Timing is critical. Obviously avoiding deploying during peak times of user activity is a good start. Set up a time where most users won’t be active in the system. Salesforce locks metadata and apps when they are being used, so you’re going to get an error if many users are active. Having a routine release schedule every two to three weeks instead of deploying months of changes at once can make a big difference.
Logically decoupling different parts of the org that can be deployed separately will also ease your burden. There are many ways to do this. However, this requires more preparation and manual work upfront.
A simple approach can be to deploy Objects > Apex Classes > Visualforce Components > Visualforce Pages > Apex Triggers and other metadata while saving Profiles and Permission Sets for last.
The reason for deploying Objects first is to resolve dependencies early in the process. Compact Layouts and List Views are particularly painful from this perspective. As for Profiles, one should ensure all related metadata is deployed first because Profiles are an overarching layer on top of the org’s metadata that ties together many dependencies.

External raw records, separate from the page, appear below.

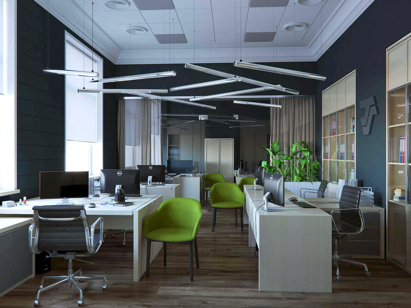 Современные направления в оформлении рабочих пространств нацелены на создание комфортного и стимулирующего к продуктивности атмосферы. Главное внимание уделяется функциональности и эстетике, обеспечивая при этом здоровое и мотивирующее окружение для работников.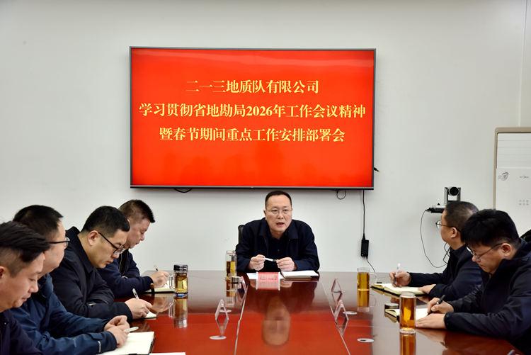 2月12日下午,二一三队有限公司召开学习贯彻省地勘局2026年工作会议精神暨春节期间重点工作安排部署会。公司党委书记、董事长赵江涛主持会议并讲话,公司领导班子成员、各经营单位、管理部门负责人参加会议。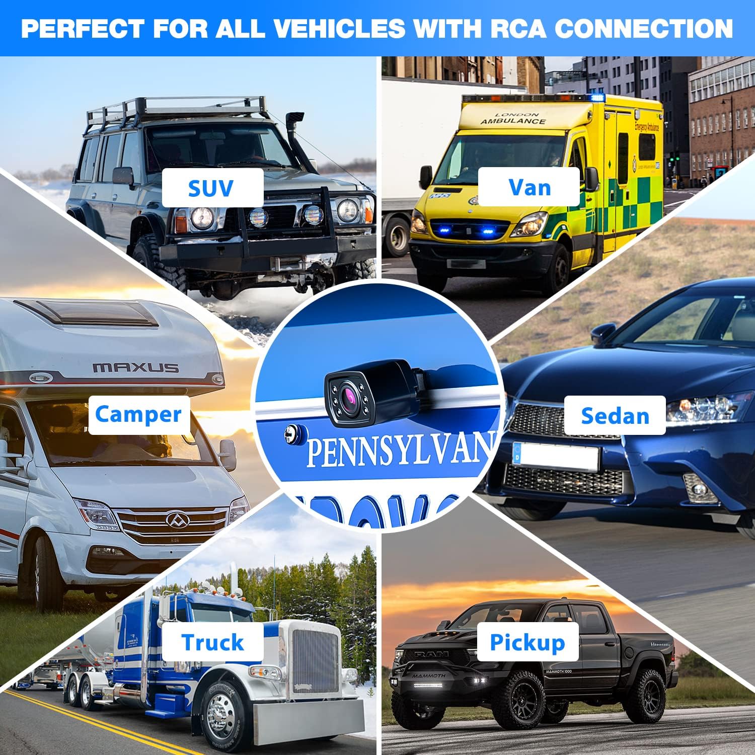 • 【Easy Installation and Wide Compatibility】This reversing camera work perfectly with your radio, screen, stereo or monitor has the RCA connector. It is universal for most vehicle license plate like Trailer/Truck/RV/Pickup/Van/SUV/Camper and so on.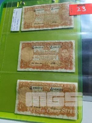 3 X TEN SHILLING NOTES, COOMBS/WATTS 2 X A63 1 X A64 PREFIXES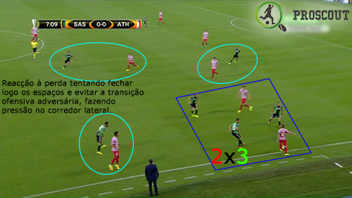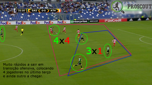 São muito perigosos em transição ofensiva, desdobram-se muito bem com vários jogadores, mesmo começando a transição em zonas recuadas várias vezes, com tudo praticamente ao primeiro toque. Os movimentos de saída estão muito bem trabalhados e são conseguidos com muita qualidade. Também conseguem reagir forte à perda da bola, mas a tendência é maior para recuperarem rapidamente a posição e não estarem expostos.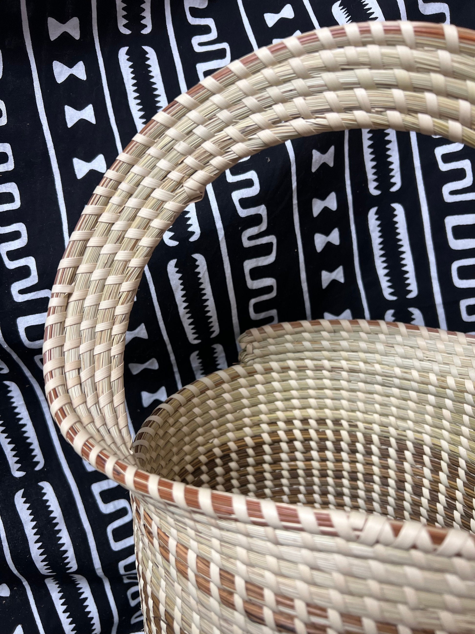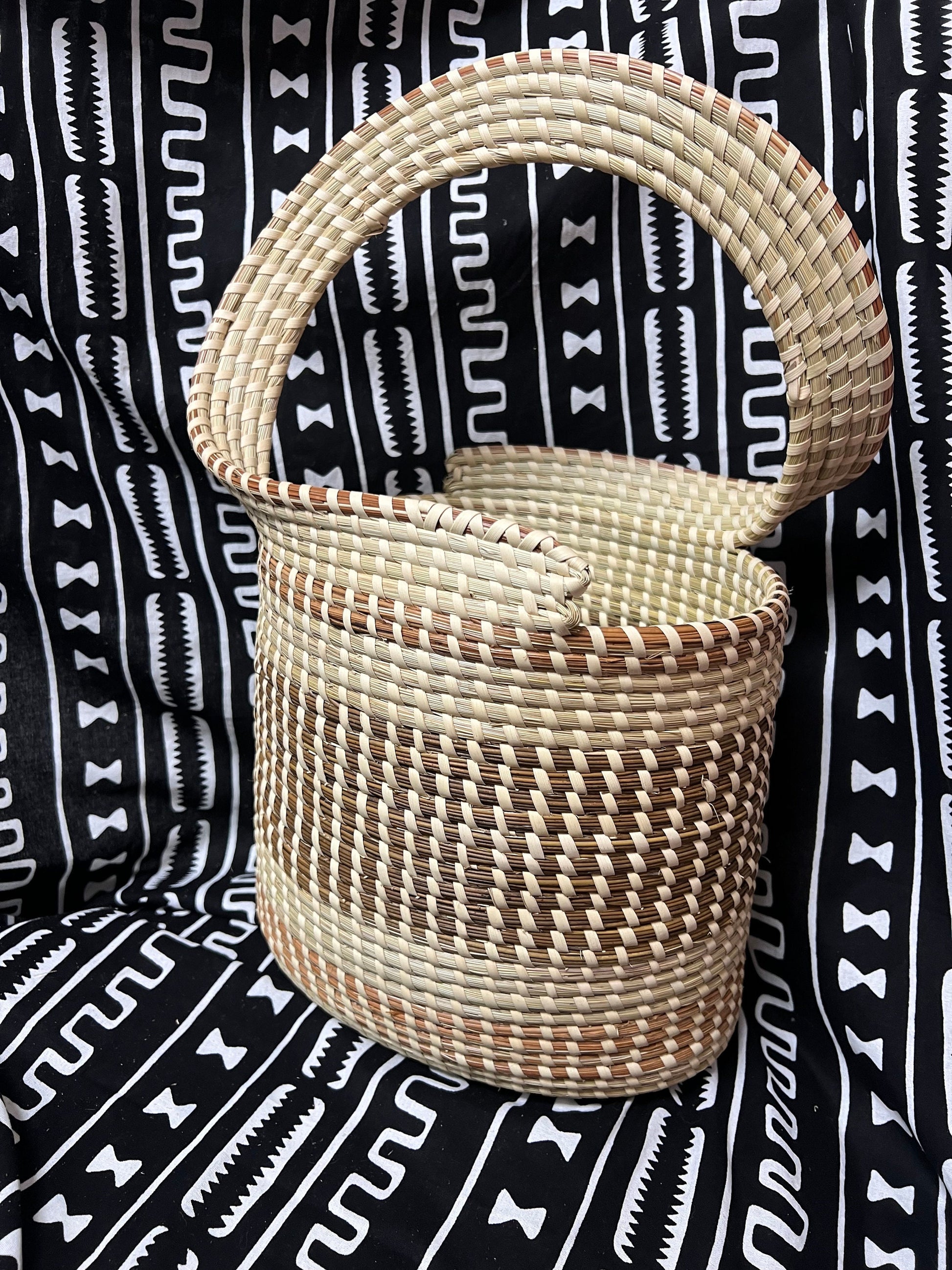 This unique one of a kind twist handle basket is made in the sweetgrass basket sewing tradition of the Gullah community in Charleston South Carolina, this hand-woven basket, is made from locally harvested materials including sweetgrass, pine needles, bulrush, and palmetto.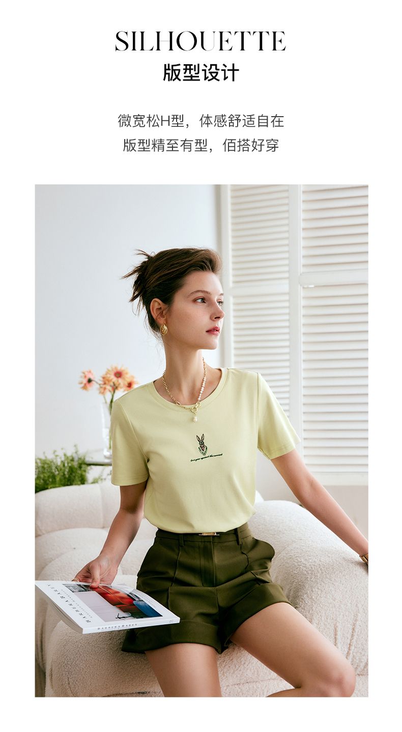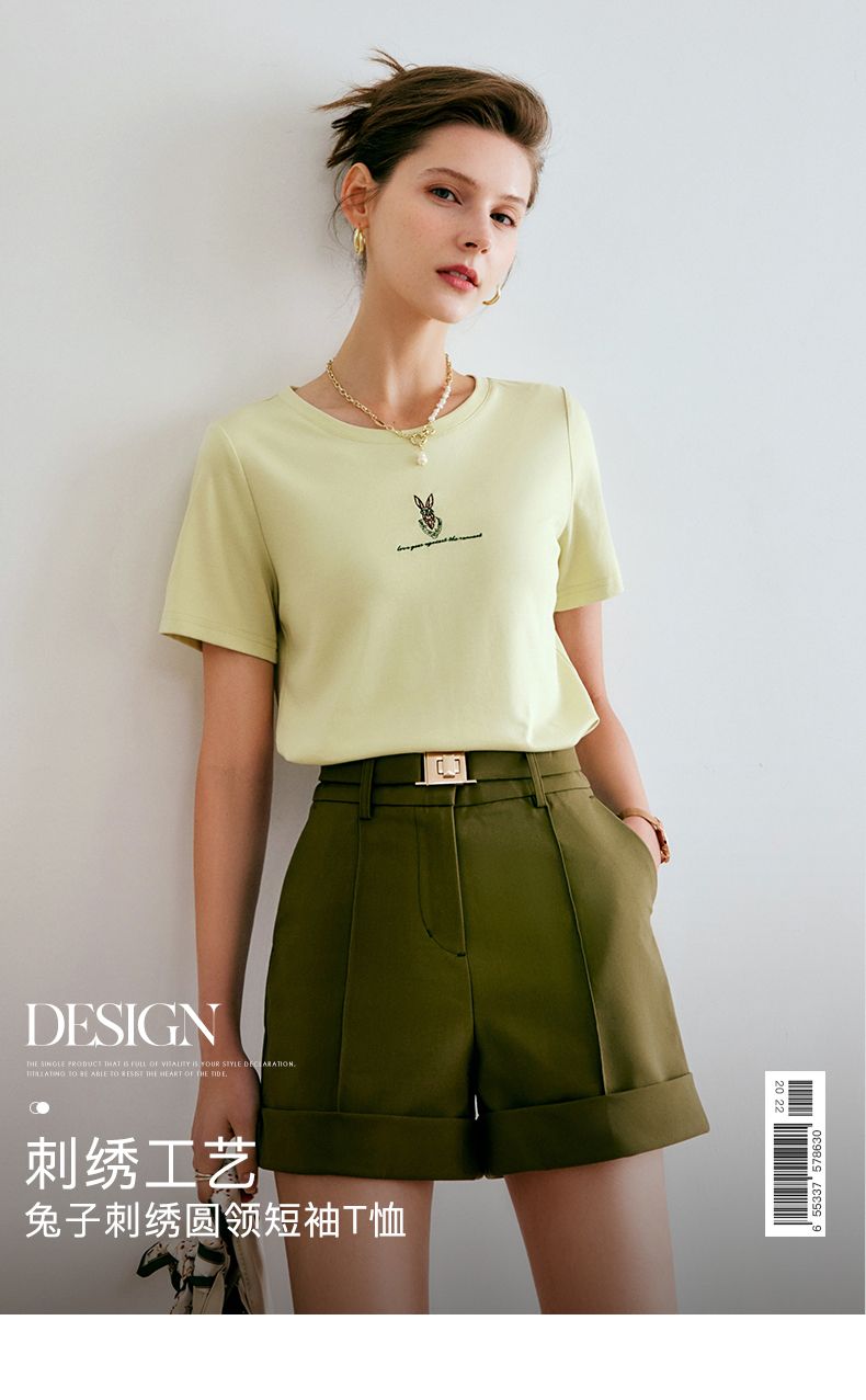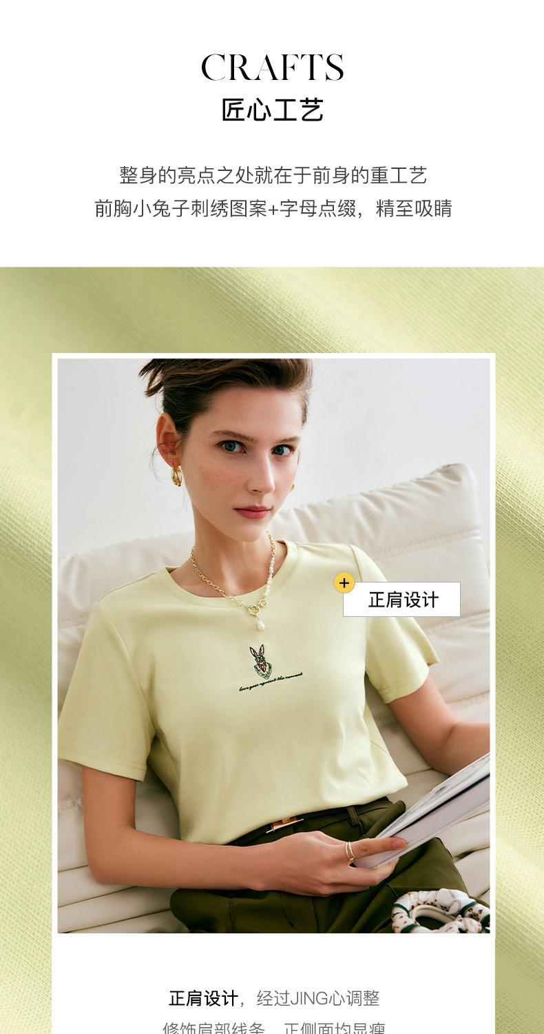 欧芮儿刺绣短袖T恤女夏季2022年新款时尚兔子冰爽双面针织上衣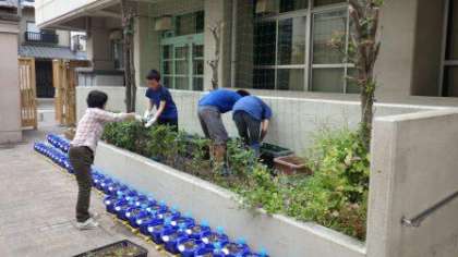 園芸委員会は緑のカーテンの苗植えなどをしています。環境委員会は節水などをよびかけるポスターを作っています。放送委員会は,担当ごとに放送内容を考えています。
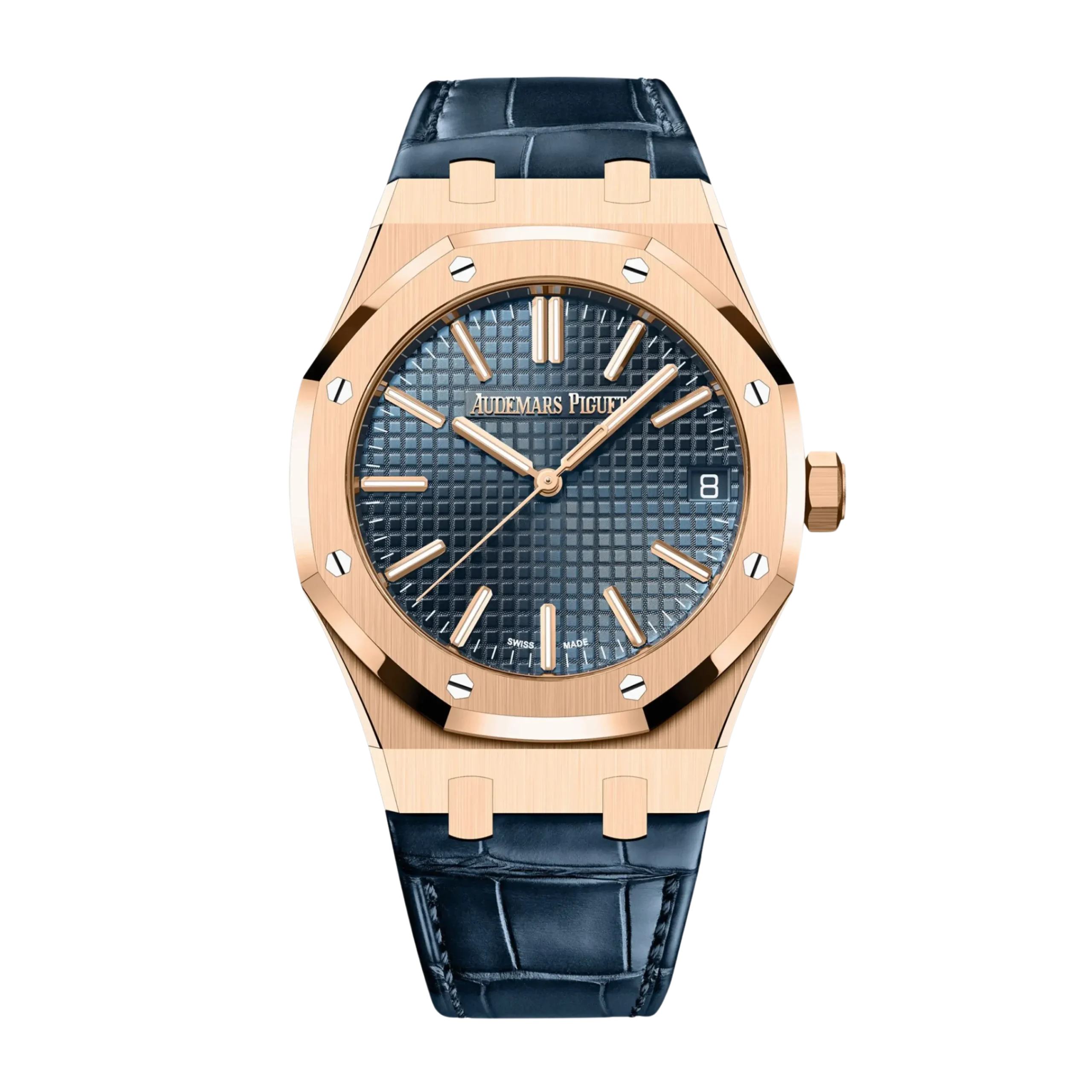 Powered by a high-precision Swiss selfwinding movement, this timepiece offers smooth, reliable performance suited for daily wear. The 41mm case provides a confident and balanced wrist profile, while the integrated bracelet enhances comfort and preserves the unmistakable Royal Oak architectural identity.

(This is one reason that Blue Canvas offers manual checklists where you can note and track the necessary steps required during deployments so everyone can be on the same page and track dependencies.)
What makes Salesforce unique compared to most alternatives is that it’s a business platform where you can develop directly in a production environment. When you have multiple sets of users with different sharing settings, complex business logic, and multiple integrations that depend on one another, things can get very complex. This is especially true for large orgs where scaling can dramatically increase some operations. Developing in sandboxes can help with this, but often it can be confusing which sandboxes to use for which parts of your pipeline.
Most metadata changes should be done in a developer sandbox or a scratch org, whether it’s creating an Object, changing a Layout or creating a new Tab. These should certainly not be done on your production orgs and rarely done directly in your Full Copy or Partial Copy sandboxes (Blue Canvas does support deployments from your upstream environments to lower Salesforce sandboxes, but this functionality should be used to port changes back down to your lower sandboxes post integration rather than as a tool to promote coding directly in production or upstream sandboxes!)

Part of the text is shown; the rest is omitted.